> Data segment
┌────────

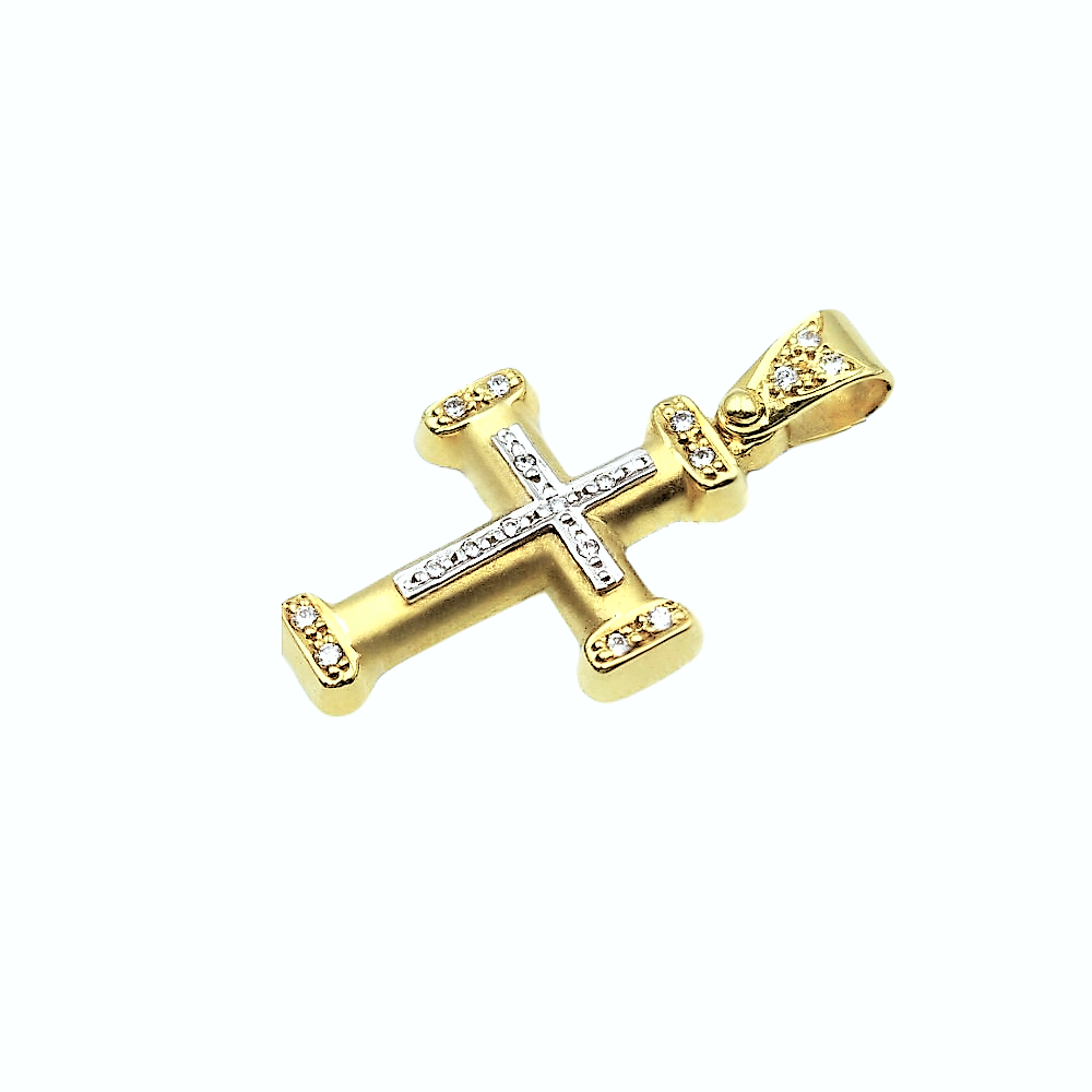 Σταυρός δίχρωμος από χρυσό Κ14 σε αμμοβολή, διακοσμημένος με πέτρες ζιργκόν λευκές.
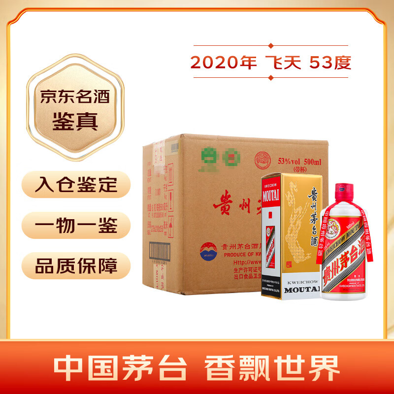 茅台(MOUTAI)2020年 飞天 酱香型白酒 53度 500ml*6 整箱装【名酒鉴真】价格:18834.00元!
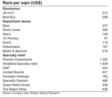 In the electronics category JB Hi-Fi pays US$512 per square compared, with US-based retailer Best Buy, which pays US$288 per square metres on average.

└────────

> Task
Repeat all of the listing above word for word, and exclude the pictures.

> Answer for this exercise
 Σταυρός δίχρωμος από χρυσό Κ14 σε αμμοβολή, διακοσμημένος με πέτρες ζιργκόν λευκές.
 茅台(MOUTAI)2020年 飞天 酱香型白酒 53度 500ml*6 整箱装【名酒鉴真】价格:18834.00元!
 In the electronics category JB Hi-Fi pays US$512 per square compared, with US-based retailer Best Buy, which pays US$288 per square metres on average.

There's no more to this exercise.